**PROVIDED INFORMATION:**
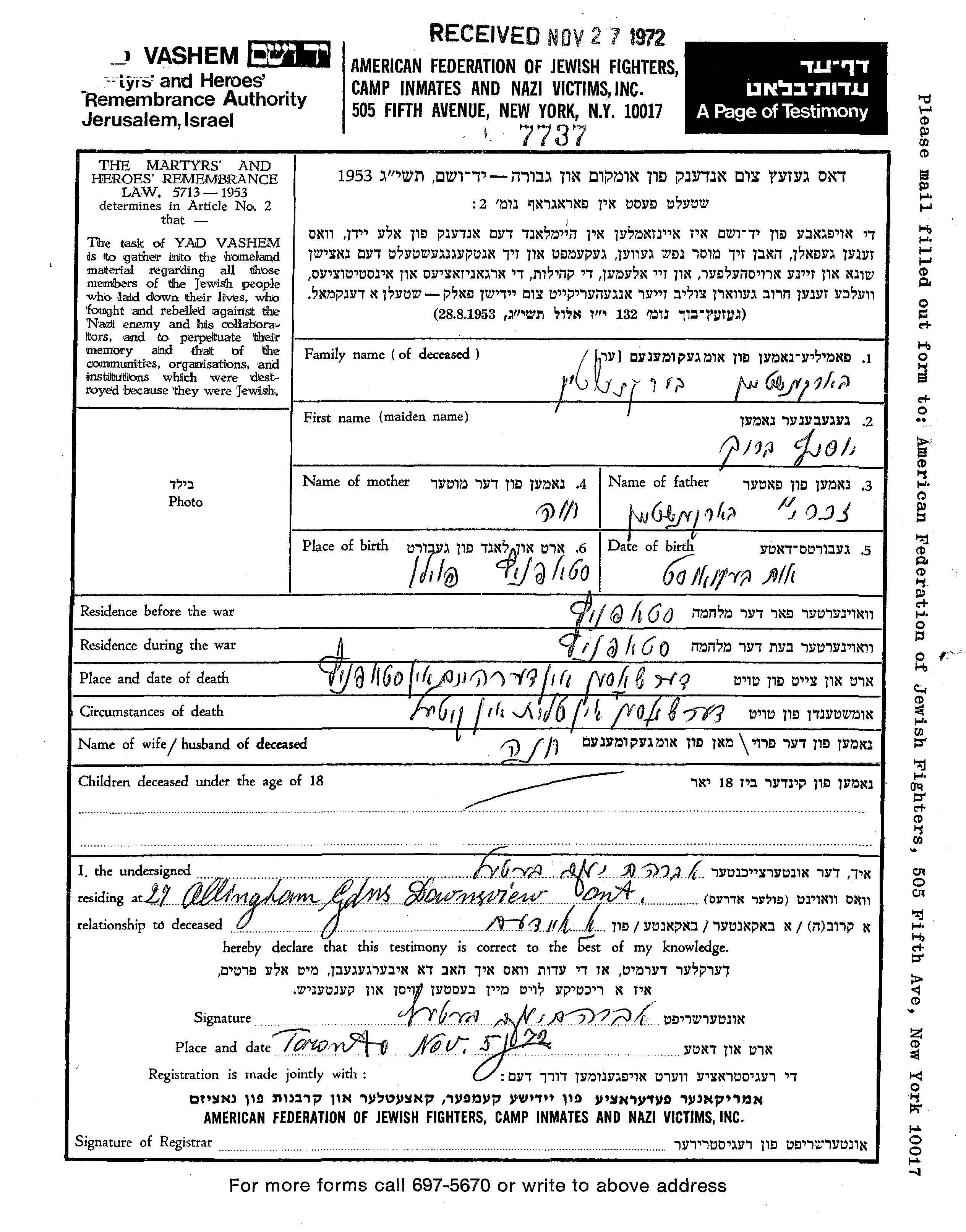 Яд Вашем - Листы свидетельских показаний Мемориального фонда
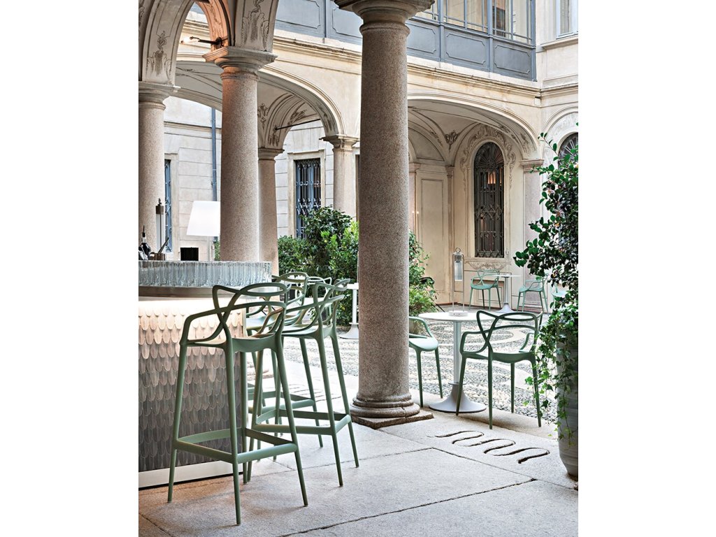 Dlhšie a štíhlejšie nohy aj menší a úhľadnejší sedák z neho robia o niečo krehkejšiu „sestričku“ pôvodnej jedálenskej stoličky Masters. Ale sexy je úplne rovnako. Vonku, pri barovom posedení blízko bazéna, rovnako ako vo vnútri, napríklad v kuchyni, pri dlhých víkendových raňajkách.
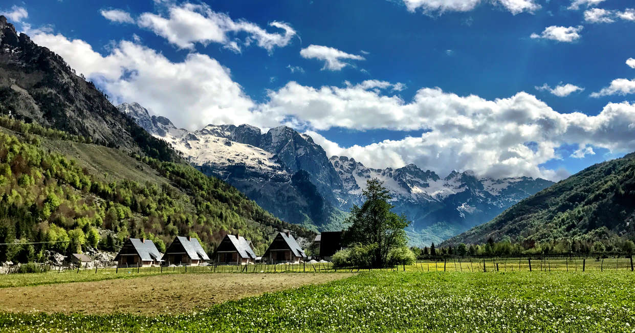 Theth is an iconic Northern Albanian 'malesore' (highlands) village. Enclosed in the full remoteness of the Accursed Mountains, it stayed protected from the multiple invasions that afflicted the more accessible parts of the Alps and life was organised following the detailed rules of the 'Kanun' - the Unwritten Code of the Mountains. These aspects were well pictured by the Victorian traveller Ms Edith Durham in the book, High Albania, written on her journey into the area at the beginning of the 20th Century.
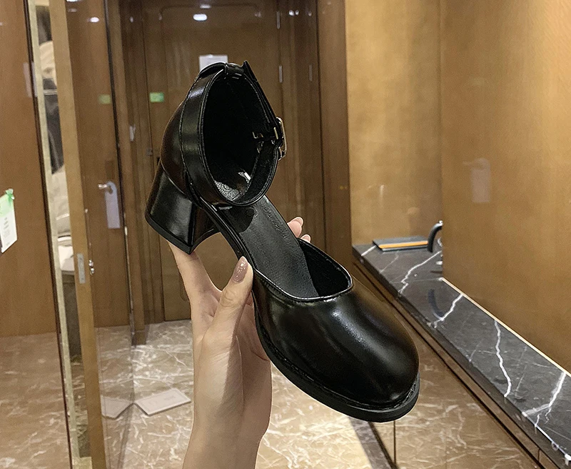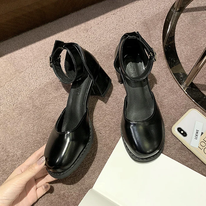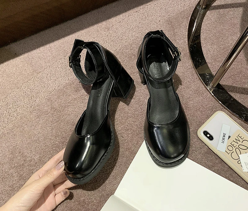 Туфли-лодочки женские из лакированной кожи, высокий каблук, платформа, круглый носок, Туфли Мэри Джейн, черные
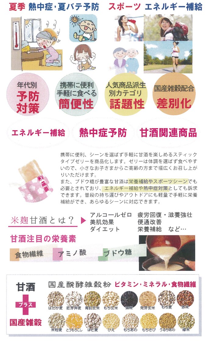 携帯に便利、シーンを選ばず手軽に甘酒を楽しめるスティックタイプゼリーです。 ゼリーは体調を選ばず食べやすいので、小さなお子さまからご高齢の方まで幅広く お召し上がりいただけます。
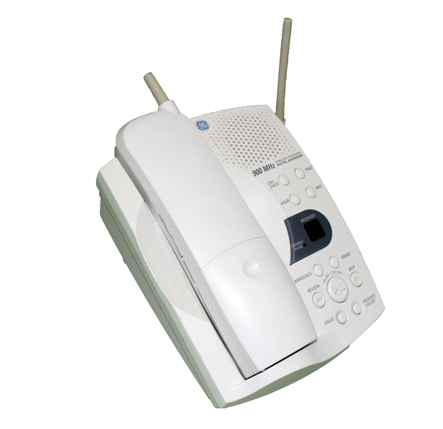White GE 26990GE1-A cordless telephone with digital answering machine, wall mount, and antenna.
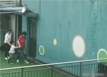 孩子嚎啕大哭,观察一会儿发现老师不在试图离开,被小门里的一名男子拦住,之后红衣幼师和另一名白衣女子被拽回,继续罚站。
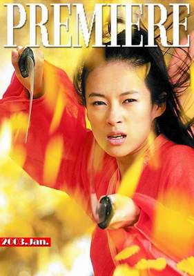 2003年新出爐的一月號《首映》雜志赫然出現(xiàn)電影《英雄》的報道,而且獨鐘章子怡,一襲紅衣?lián)]舞雙刀的造型,當(dāng)場將主角的李連杰比了下去,而演員排名,章子怡也在梁朝偉、張曼玉之前。

**PROBLEM:** Return every line above verbatim, pictures excluded.

**REPLY TO THE TASK:**
 Яд Вашем - Листы свидетельских показаний Мемориального фонда
 Dlhšie a štíhlejšie nohy aj menší a úhľadnejší sedák z neho robia o niečo krehkejšiu „sestričku“ pôvodnej jedálenskej stoličky Masters. Ale sexy je úplne rovnako. Vonku, pri barovom posedení blízko bazéna, rovnako ako vo vnútri, napríklad v kuchyni, pri dlhých víkendových raňajkách.
 Theth is an iconic Northern Albanian 'malesore' (highlands) village. Enclosed in the full remoteness of the Accursed Mountains, it stayed protected from the multiple invasions that afflicted the more accessible parts of the Alps and life was organised following the detailed rules of the 'Kanun' - the Unwritten Code of the Mountains. These aspects were well pictured by the Victorian traveller Ms Edith Durham in the book, High Albania, written on her journey into the area at the beginning of the 20th Century.
 Туфли-лодочки женские из лакированной кожи, высокий каблук, платформа, круглый носок, Туфли Мэри Джейн, черные
 携帯に便利、シーンを選ばず手軽に甘酒を楽しめるスティックタイプゼリーです。 ゼリーは体調を選ばず食べやすいので、小さなお子さまからご高齢の方まで幅広く お召し上がりいただけます。
White GE 26990GE1-A cordless telephone with digital answering machine, wall mount, and antenna.
 孩子嚎啕大哭,观察一会儿发现老师不在试图离开,被小门里的一名男子拦住,之后红衣幼师和另一名白衣女子被拽回,继续罚站。
 2003年新出爐的一月號《首映》雜志赫然出現(xiàn)電影《英雄》的報道,而且獨鐘章子怡,一襲紅衣?lián)]舞雙刀的造型,當(dāng)場將主角的李連杰比了下去,而演員排名,章子怡也在梁朝偉、張曼玉之前。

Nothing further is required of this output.